Shelter of Jesus the Good Shepherd for the Poor and Migrant (Albergue Jesús el Buen Pastor del Pobre y el Migrante) is a refugee shelter in Tapachula, Chiapas, Mexico for Latin American migrants.

== About ==
The migrants are injured and disabled by freight trains, frequently suffering amputation, in their attempted migration out of Latin America to the United States. The trains take the Chiapas-Mayab line, running north–south through Mexico and are called "The Death Express" or La Bestia "The Beast" by migrants. Some of the injured migrants have suffered violence at the hands of gangs who attack those who do not pay to ride The Beast, and commit other acts of violence against migrants. The shelter has been funded by private donations, and by the United States Department of State Bureau of Population, Refugees
and Migration, and Australia's Department of Foreign Affairs and Trade.
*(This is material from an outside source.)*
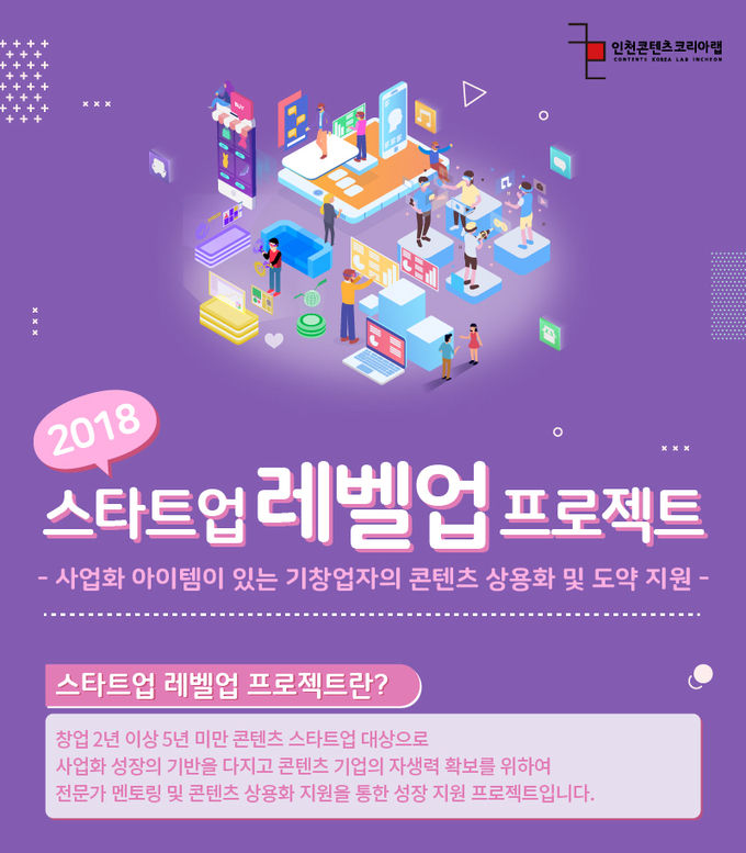 스타트업 레벨업 프로젝트는 콘텐츠(만화, 캐릭터, 애니메이션, 영화, 음악, 게임 출판, 패션, 공연, 공예 등 문화산업 전 분야)를 활용하여 콘텐츠 장르간, 기술간 융합에 기반한 새로운 창작과 비즈니스 사업화를 희망하는 2년 이상 5년 미만의 기업이라면 누구나 지원이 가능하며, 인천콘텐츠코리아랩 홈페이지를 통해 회원가입 후 신청할 수 있다. 기타 자세한 사항은 인천콘텐츠코리아랩으로 문의하면 된다.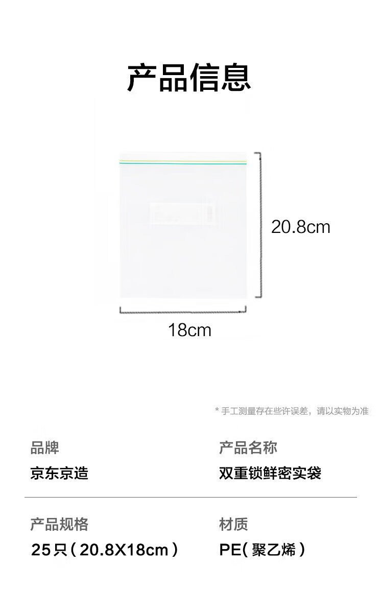 Made in Tokyo, sealed bags, food-grade fresh-keeping bags, barbecue and camping medium-sized double-chain dense bags 18*20.8cm, 25 pieces

It is one of several migrant shelters in Mexico including Acayucan Migrant Shelter, Ixtepec's Brothers Along the Way Migrant Shelter, Guadalupan Diocesan Shelter of Tierra Blanca, Reynosa's Our Lady of Guadalupe Shelter, Reynosa's Christian Way of Life Shelter, Saltillo Migrant Center, and The 72 – Shelter for Migrants.

The shelter was founded in the late 1990s by Olga Sanchez Martinez, recipient of the National Human Rights Commission of Mexico's National Human Rights Prize in 2004. She remains its director as of 2015.